### WHAT IS EXPECTED
The material below is to be copied exactly from the line with "The research interfaces" up to and including the line with "Ngoài số tiền", with nothing else kept and no pictures.

### DATA TO EXAMINE
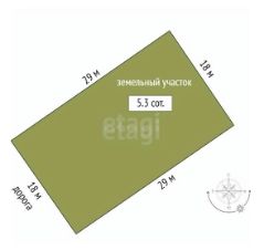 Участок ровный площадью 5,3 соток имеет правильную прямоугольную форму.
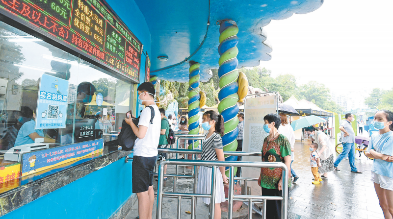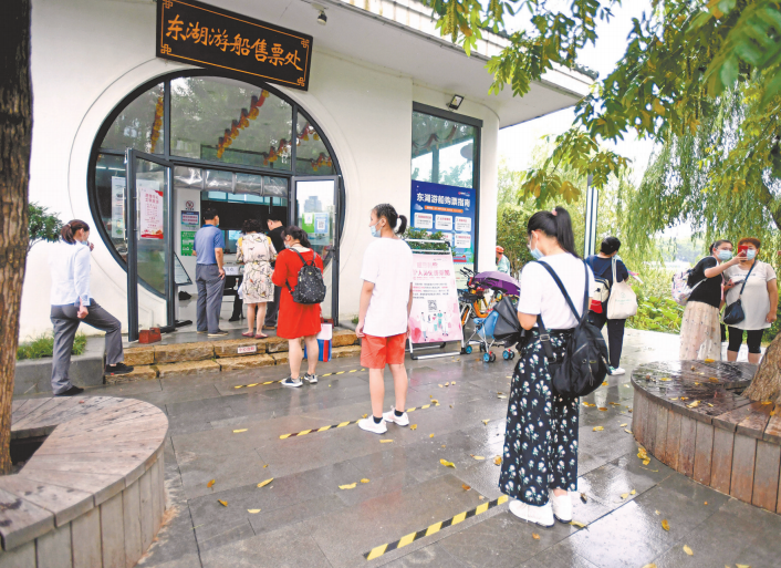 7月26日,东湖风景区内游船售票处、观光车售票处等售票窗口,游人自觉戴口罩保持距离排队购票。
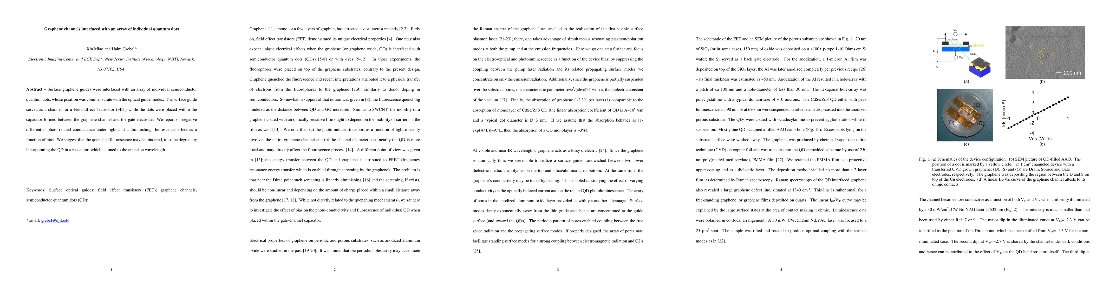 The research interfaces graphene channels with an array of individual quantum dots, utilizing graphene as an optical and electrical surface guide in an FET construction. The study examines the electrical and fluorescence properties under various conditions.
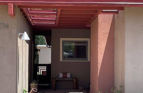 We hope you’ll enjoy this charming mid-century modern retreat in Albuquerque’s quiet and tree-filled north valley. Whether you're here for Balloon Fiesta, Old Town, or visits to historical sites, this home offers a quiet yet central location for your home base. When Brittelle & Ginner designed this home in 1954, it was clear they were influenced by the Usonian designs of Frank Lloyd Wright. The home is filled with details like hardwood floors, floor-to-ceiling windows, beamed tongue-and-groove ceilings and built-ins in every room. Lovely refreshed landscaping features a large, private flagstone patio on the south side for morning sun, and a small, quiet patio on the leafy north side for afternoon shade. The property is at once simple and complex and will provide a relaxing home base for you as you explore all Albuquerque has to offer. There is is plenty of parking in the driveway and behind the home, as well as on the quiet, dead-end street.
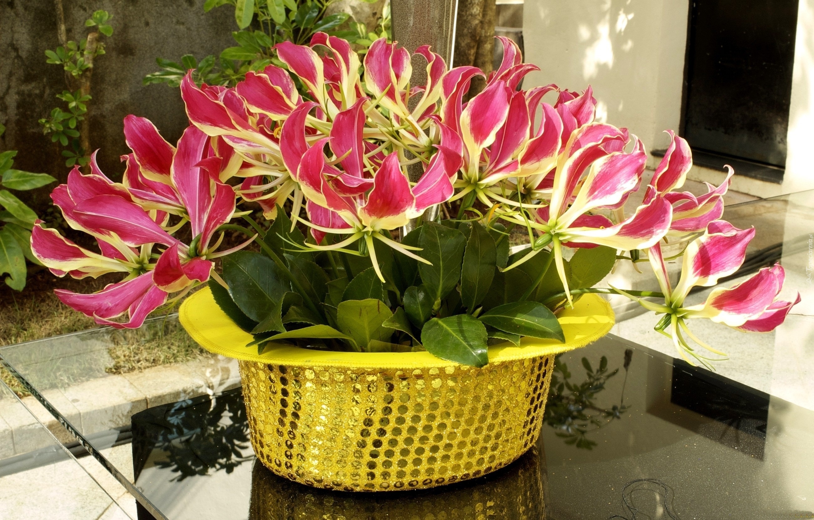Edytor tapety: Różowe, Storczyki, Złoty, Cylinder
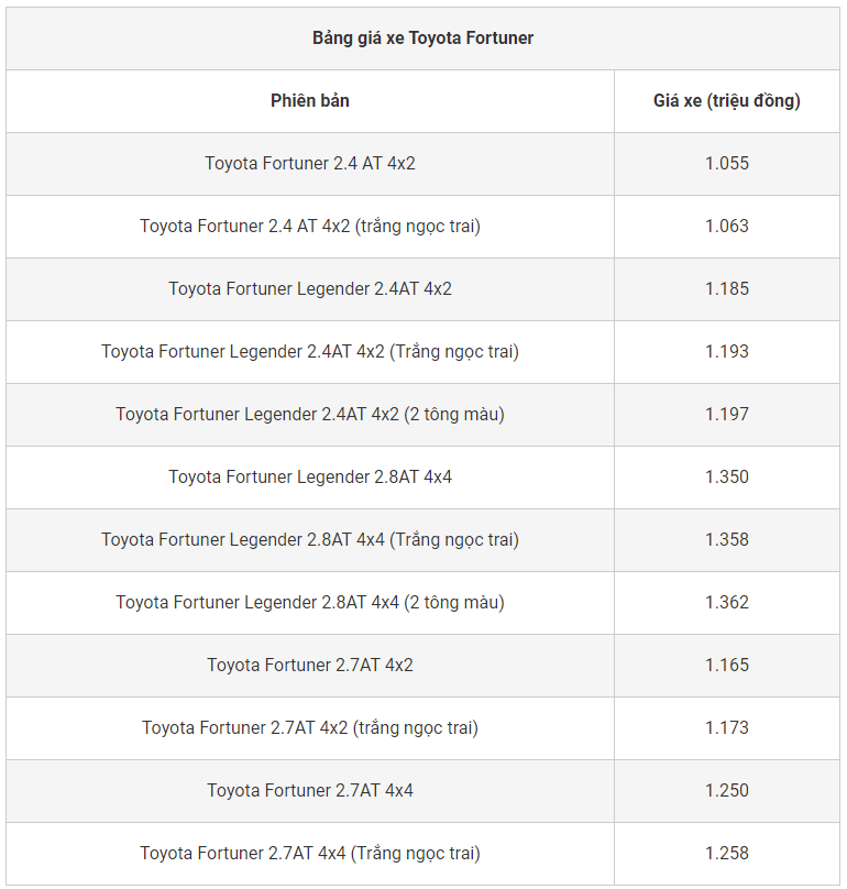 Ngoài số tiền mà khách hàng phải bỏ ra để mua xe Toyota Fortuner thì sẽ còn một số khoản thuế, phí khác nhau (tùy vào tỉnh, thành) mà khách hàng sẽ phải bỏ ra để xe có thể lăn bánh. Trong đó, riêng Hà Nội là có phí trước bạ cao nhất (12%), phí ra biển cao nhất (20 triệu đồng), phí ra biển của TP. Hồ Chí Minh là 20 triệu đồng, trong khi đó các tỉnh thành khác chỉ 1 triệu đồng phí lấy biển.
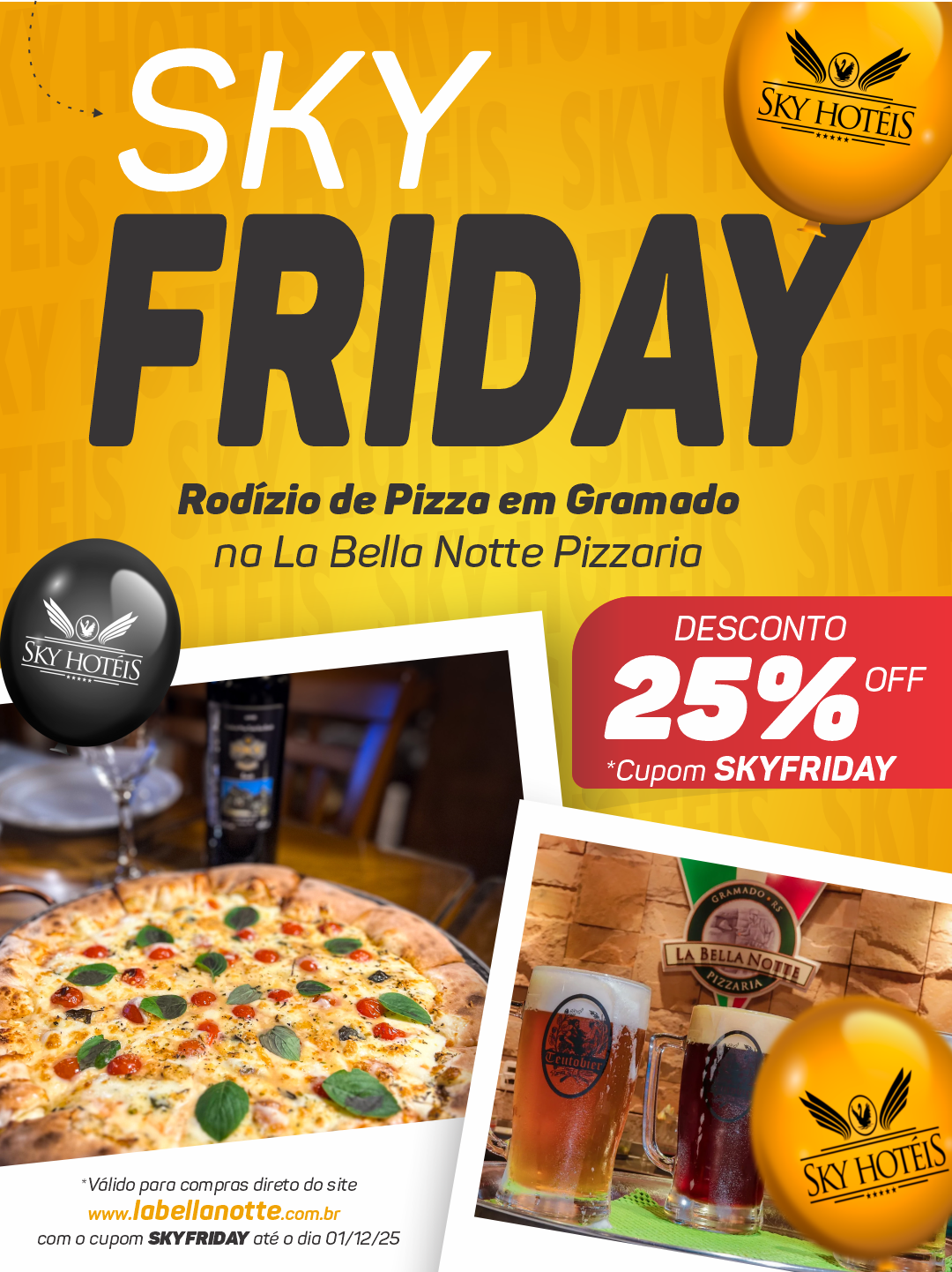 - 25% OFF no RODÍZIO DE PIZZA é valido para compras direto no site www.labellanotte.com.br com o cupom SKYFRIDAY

### TASK RESULT
 The research interfaces graphene channels with an array of individual quantum dots, utilizing graphene as an optical and electrical surface guide in an FET construction. The study examines the electrical and fluorescence properties under various conditions.
 We hope you’ll enjoy this charming mid-century modern retreat in Albuquerque’s quiet and tree-filled north valley. Whether you're here for Balloon Fiesta, Old Town, or visits to historical sites, this home offers a quiet yet central location for your home base. When Brittelle & Ginner designed this home in 1954, it was clear they were influenced by the Usonian designs of Frank Lloyd Wright. The home is filled with details like hardwood floors, floor-to-ceiling windows, beamed tongue-and-groove ceilings and built-ins in every room. Lovely refreshed landscaping features a large, private flagstone patio on the south side for morning sun, and a small, quiet patio on the leafy north side for afternoon shade. The property is at once simple and complex and will provide a relaxing home base for you as you explore all Albuquerque has to offer. There is is plenty of parking in the driveway and behind the home, as well as on the quiet, dead-end street.
Edytor tapety: Różowe, Storczyki, Złoty, Cylinder
 Ngoài số tiền mà khách hàng phải bỏ ra để mua xe Toyota Fortuner thì sẽ còn một số khoản thuế, phí khác nhau (tùy vào tỉnh, thành) mà khách hàng sẽ phải bỏ ra để xe có thể lăn bánh. Trong đó, riêng Hà Nội là có phí trước bạ cao nhất (12%), phí ra biển cao nhất (20 triệu đồng), phí ra biển của TP. Hồ Chí Minh là 20 triệu đồng, trong khi đó các tỉnh thành khác chỉ 1 triệu đồng phí lấy biển.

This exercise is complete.